Kaitly Magarino receives a Christmas present from Officer Tim Garr at her Medford home Tuesday as part of a program sponsored by the Medford Police Association. Mail Tribune / Jamie Lusch

Medford police deliver spirit of season

Kaitly Magarino's eyes widened with delight as Medford police officers surprised her family with more than a dozen Christmas gifts Tuesday.

After carefully unwrapping a box containing new shoes, the 6-year-old wanted to open more presents as part of the Medford Police Association's annual program that helps low-income families.

Kaitly looked at her sister, 11-year-old Marietta Magarino, who was a little reluctant to open her present in front of strangers.

"Do you want me to open it for you?" Kaitly said.

Marietta declined, then smiled after opening a box that revealed a shiny necklace.

The police association collects $10 a month from officers and receives support from other local organizations to provide gifts to 27 families, representing more than 50 children.

In another program, officers carry presents around in their trunks, which they distribute during the course of calls. The Jackson County Sheriff's Department has a similar program.

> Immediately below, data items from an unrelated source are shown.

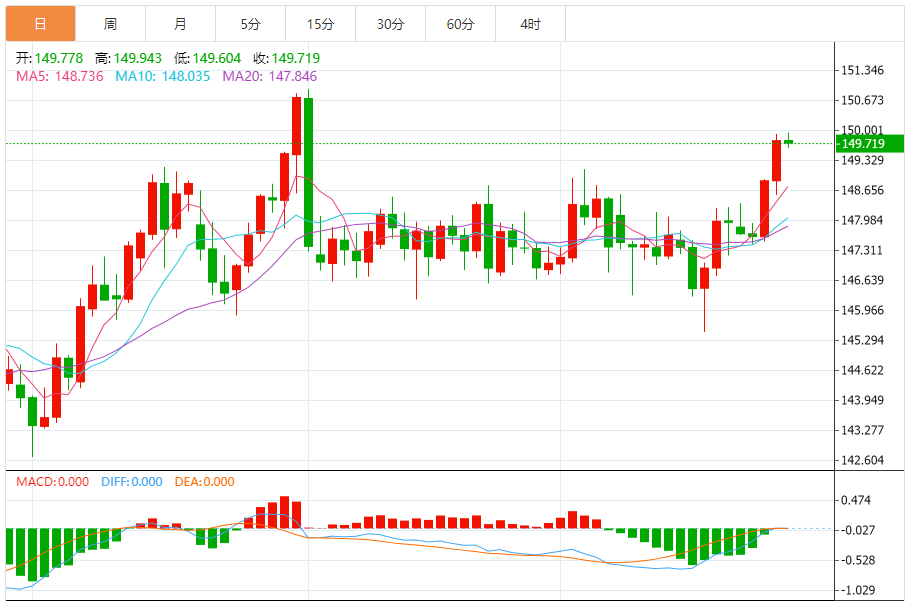 周五(9月26日),美元/日元下跌149.747,暂报149.718,跌幅0.04%。
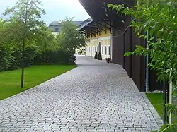 Zum Schloss gehört seit langem auch ein Wirtschaftstrakt mit einem Stallgebäude. Die Fortschrittlichkeit des landwirtschaftlichen Hofgebäudes (Wasserversorgung des Viehs, Fütterungsanlage, Licht) zur Zeit des Fürsterzbischofs Colloredo lobt Friedrich Graf Spaur außerordentlich. Der alte Stall besitzt reihig in sechs hintereinanderliegenden Feldern angeordnete Säulen, über denen ein Platzlgewölbe mit Gurtbögen errichtet ist. Im alten Stallgebäude war vor 1995 eine Tischlerei. Es sollte dann hier ein privates Fahrzeugmuseum eingerichtet werden, was bislang aber nicht zustande gekommen ist. Der östliche, einst vom Stall zuerst durch einen Weg getrennte Holzteil aus der Zeit nach 1800 wurde später mit dem Stall zu einem geschlossenen Bau mit einheitlichem Dach zusammengeschlossen.
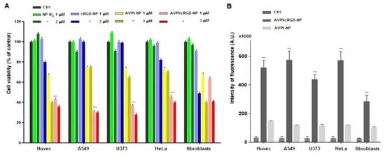As for the peptide–NPs, 1 μM cRGD–NPs showed very little toxicity, and modest toxicity when the concentration was increased to 3 μM. At the concentration of 1 μM, AVPI–NPs induced a decrease of viability of about 25% in A549, U373, and HeLa cells, and of 33% in Huvec and fibroblast cells. At the concentration of 3 μM, AVPI–NPs showed much higher toxicity against Huvec and fibroblasts, reducing their viability by 60%, while the effect was lower in U373, A549, and HeLa cells, whose vitality was decrased by 37% and 30%, respectively. In contrast, 1 μM AVPI/cRGD–NPs significantly inhibited the proliferation of A549, U373, HeLa, and Huvec cells of about 60% and showed a comparatively lower effect towards fibroblasts. Increasing the concentration of AVPI/cRGD–NPs to 3 μM led in general to higher toxicity, whit the exclusion of A549 cells for which the toxicity remained the same.
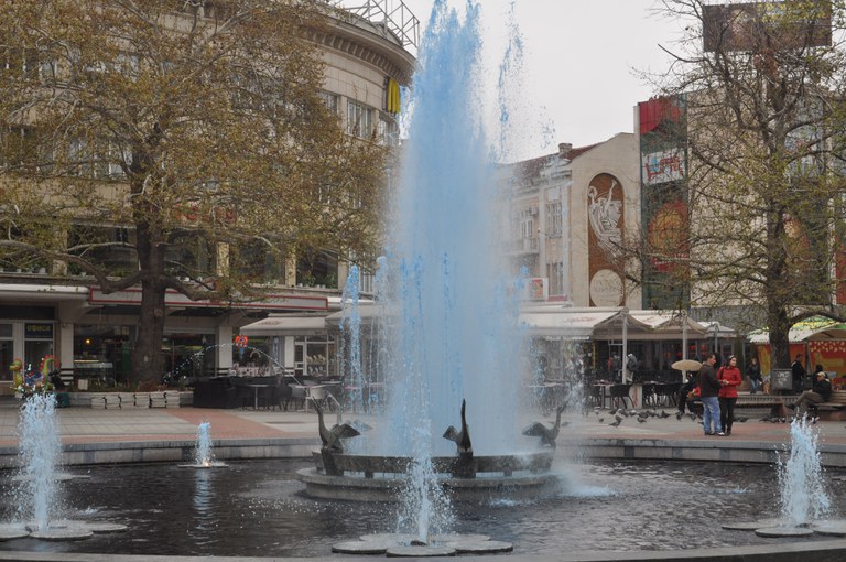 В пловдивско синьо е оцветена водата в шадравана пред Община Пловдив на площад „Стефан Стамболов“ от днес следобед. Само за минути това се превърна в атракция за минувачите по главната улица. Пловдивчани и туристи се спираха за снимка за спомен пред фонтана с пеликаните.
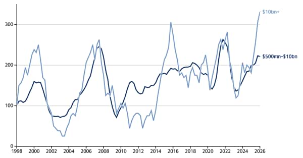 In 2025, deals larger than $10 billion increased 24% from the previous high in 2021, according to Dealogic data. A trend that historically anticipates a broader expansion of the market, thanks to the ability of large players to move more quickly and generate knock-on effects on overall activity.
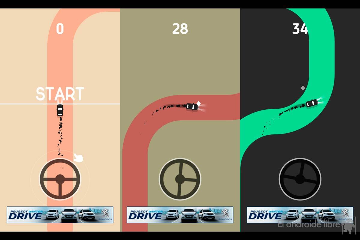 Imagina que tienes un coche dentro de una pequeña pista que fluye a lo «endless runner». Tú conduces el coche con gestos sobre la pantalla, pero no trazando el camino sobre la carretera, eso sería demasiado fácil: debes girar el volante. Parece sencillo, pero es de los juegos más difíciles a los que te vas a enfrentar.
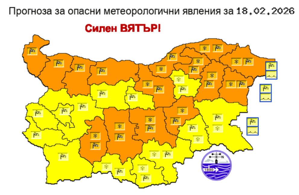 Силен северозападен вятър и виелици обхващат страната. За днес е обявен оранжев код за опасно време в голяма част от Северна и Централна България и жълт код за потенциално опасно време в останалите райони. Очакват се навявания в Дунавската равнина, поледици в Североизточна България и ураганни пориви в планините. На места в североизточните райони ще се образуват поледици. Това сочи прогнозата на Националния институт по метеорология и хирдрология (НИМХ).

Police Officer Tim Garr and Nick Alden, a community service officer, helped deliver the packages to Kaitly and Marietta as the rest of the family watched.

Police Sgt. Chris Whipple said a network of organizations, businesses and police officers works together to make sure low-income families receive gifts.

"Without something like this, if they got any presents, it would be limited," he said.

Agencies such as the Children's Advocacy Center, Hearts with a Mission and schools all make recommendations about the families to support, he said.

Sometimes the gifts are practical, so these agencies find out shoe sizes or other information. Gifts ranged from bicycles to scientific calculators.

Rosa Menendez, 32, surrounded by her four children, said she never expected to receive so many gifts.

"Thank you so much," she told the officer.

Garr told Menendez that a lot of people who work for the city and others donated the gifts.

Garr and Menendez's son, 16-year-old Herman Menendez, also had another surprise.

Garr was Herman's soccer coach two years ago.

"He's really a fantastic player," Garr said. "He's got incredible skills."

Herman, who is still active in soccer, expressed his appreciation for all the gifts the family received.

"I was surprised," he said. "I didn't expect it. I'm very happy about it."